For much of our date night at the new Citizen, my husband’s eyes strayed longingly to the women seated next to us. (Practically cuddled next to us: tables are snugly spaced here.) Both were chomping down on the Spicy Fried Chicken Sandwich, a teetering tower of brown crunch and pale goo tucked in a puffy bun. It had, I allow, serious eye appeal. Sound appeal too: it makes noises, this construct, that blend with the sounds of women moaning.
Our table was covered largely with vegetables and raw fish. Plates of scallop crudo, the rounds of mollusk deluged with tiny, shiny, pretty things; wedges of grilled eggplant smothered with yogurt; black and green broccoli; and a warm salad of roasted squash and wilted radicchio. Plus (fried) falafel, for fibre. All of which my date tucked into with great pleasure, but ever with a roaming eye to the birds next door.
Citizen is the second project for the formidable chef-restaurateur team of Marc Doiron and Lori Wojcik. Their first is the seven-year-old Elgin Street restaurant called Town. This sibling slipped into a former hair salon space, around the corner from Town on Gilmour Street, with a configuration that allows for the Town kitchen to be lengthened and shared. Citizen is a bright space, whitewashed, with design touches that are rustic-refined, quirky and charming. Art matters to this team – Wojcik comes from an art restoration background, and ran a gallery for a dozen years. Music does too. If there weren’t a dozen hungry eyes at the front door looking longingly at my table (no reservations), I could have lingered, ordering this and that, just enjoying the tunes.
As is the modern way, the menu has a snacky sensibility. If you know the food served at Town, you’ll recognize the same focus on big flavours, eccentric-sounding combinations (that work), and pretty plates. Doiron trained as a pastry chef, and his pleasure in detail, colour and form is clear. But unlike the cuisine at Town (mod-Italian with liberties) the influences on the menu at Citizen are more global.
You could start with dates, stuffed with smoked blue cheese, sashed with bacon, brushed with cayenne’d honey, and smothered with almonds, slivered and browned. Though you could also end well with these dates… no matter how much savoury you toss at dates, they remain sweet treats. Or you could start with broccoli. Nothing sweet about them.

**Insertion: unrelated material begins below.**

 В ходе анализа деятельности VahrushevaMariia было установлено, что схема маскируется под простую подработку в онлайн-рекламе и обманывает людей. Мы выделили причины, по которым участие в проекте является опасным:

The kitchen sets the charred spears, showered with manchego cheese, in a shallow pool of Ajo Blanco, the Andalusian soup of almond, bread and garlic, cool and thick, scattered with pickled grapes, and lots of crunchy almonds. Think broccoli’s not your thing? Try this version.
Wedges of smokey eggplant, canoe shaped, bronzed, grill-marked and dredged in punchy spices, are set upon with many things – a couscous salad, soft braised lamb, juicy pops of pomegranate, rings of pickled jalapeno, spoons of cool, tangy yogurt and a big finish of nubbly gremolata, puckered up with preserved lemon.

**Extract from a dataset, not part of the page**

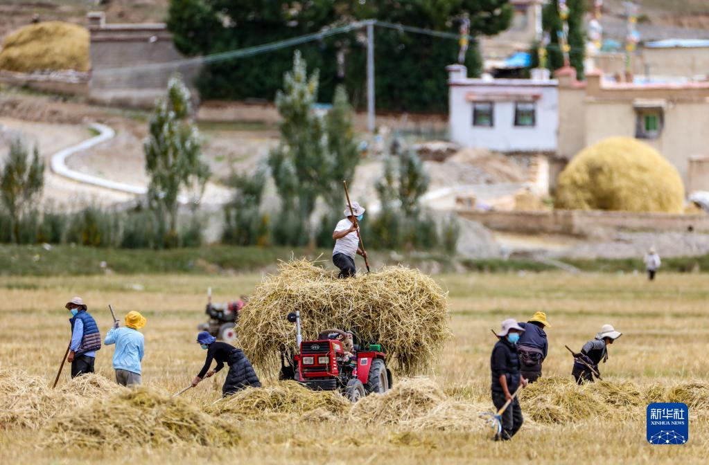 第五个中国农民丰收节在即,西藏自治区拉萨市林周县的田间地头一片繁忙。据了解,林周县目前累计粮食收获面积为12.43万亩,已收获秋粮总产量预估6万吨,丰收在望。

And on it went, dish after dish of pretty pleasures and out-there combinations. Heirloom carrots perfectly roasted, set in a white puddle of goat cheese sauce. Ringing the dish, an Oz-green swirl of slurried pesto, and (here’s where it gets weird) mounds of orange tobiko (Japanese flying fish roe), preserved mandarin for some sweet citrus, branches of dill and broken bits of a black sesame brittle. A ropey cake of cappelini pasta, enriched with cheese and pepper (the classic caccio e pepe) anchored the bottom of a lovely bowl of mushroom broth, dark and deeply earthy, crowned with dried enoki mushrooms and a coddled egg yolk.
Two types of squash are herbed, roasted and blanketed with charred radicchio, moistened with a lime crema and crowned with seeds. What else? Falafel with beet hummus and a pickled beet salad, heady of cloves. And scallops crudo, the only dish with a slight flaw. Roasted hazelnuts, a brunoise of green apple, pea shoots and snipped chives draped the scallops, ‘cooked’ in a lime-apple gel and anointed with brown butter. But the butter had hardened to shards. Clearly not the plan. So we let the dish sit, turned our attention to other things, and in time the butter liquefied, and the scallops and their mates were pretty darn splendid.

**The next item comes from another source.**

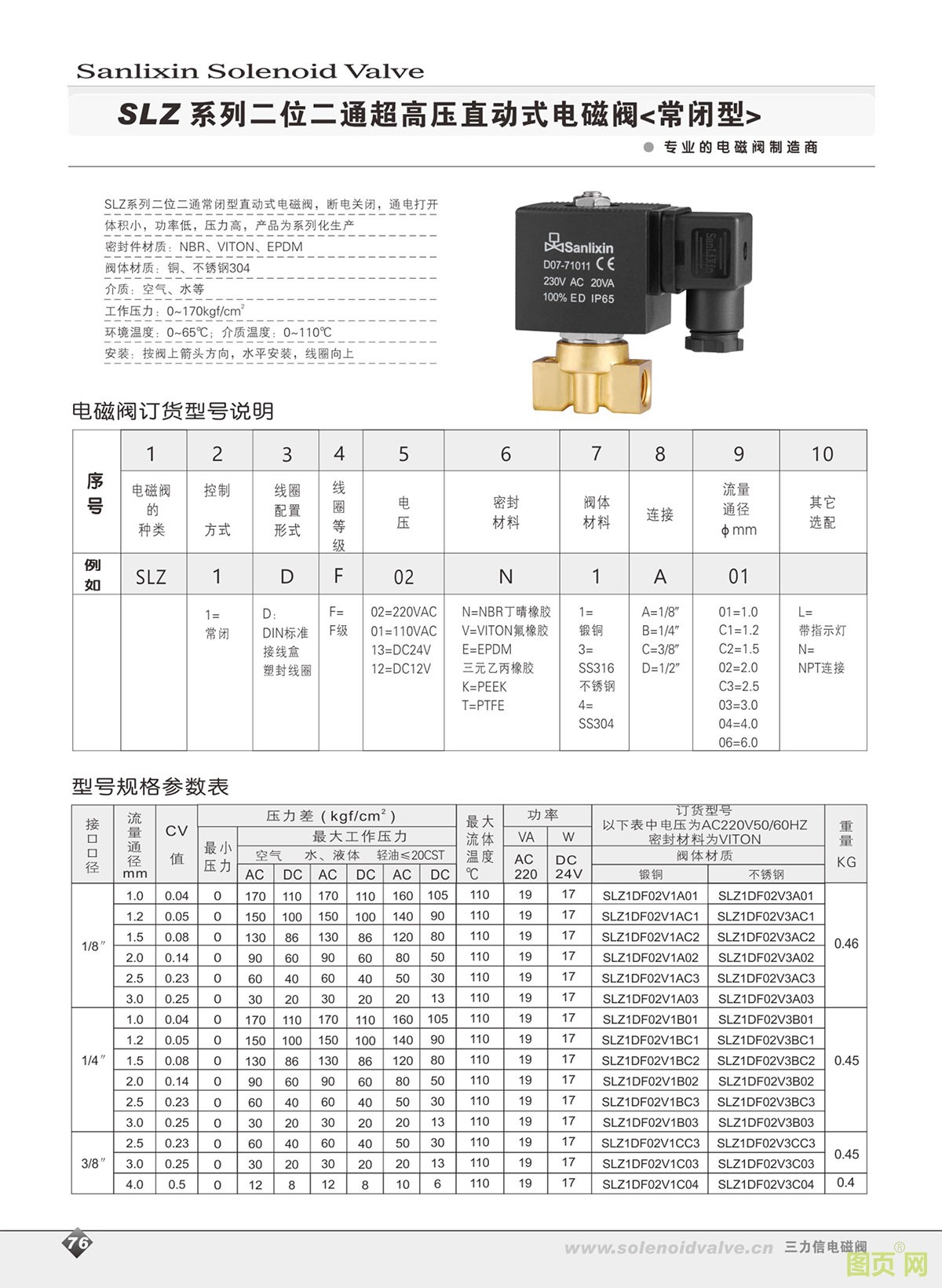 本網(wǎng)頁(yè)所展示的有關(guān)【三力信_(tái)SLZ 系列二位二通高壓直動(dòng)式電磁閥/常閉型_電磁閥】的信息/圖片/參數(shù)等由的會(huì)員【余姚市三力信電磁閥有限公司

Who needs teetering towers of Korean fried chicken sandwiches with prosciutto and pickles when there’s so much good in vegetables and fish?
We indulged instead with pudding chomeur set in a maple caramel, with spiced apples and whipped cream.
Citizen might have a thoroughly casual feel, but service has a fine dining sensibility. It knows the food inside out and back to front, has solid wine knowledge (the list is as interesting as the food), is focused on the needs of its tables, and the floor and bar staff seem a happy bunch.
As our server said, when asked why she’d come to Citizen: “Well, when you have the opportunity to work with Marc and Lori… you just do.”
Marc Doiron and Lori Wojcik’s Citizen is open Thursday through Sunday. On Monday evenings, guest chef Mike Frank (late of Bar Robo and the departed Mellos diner) takes over the kitchen.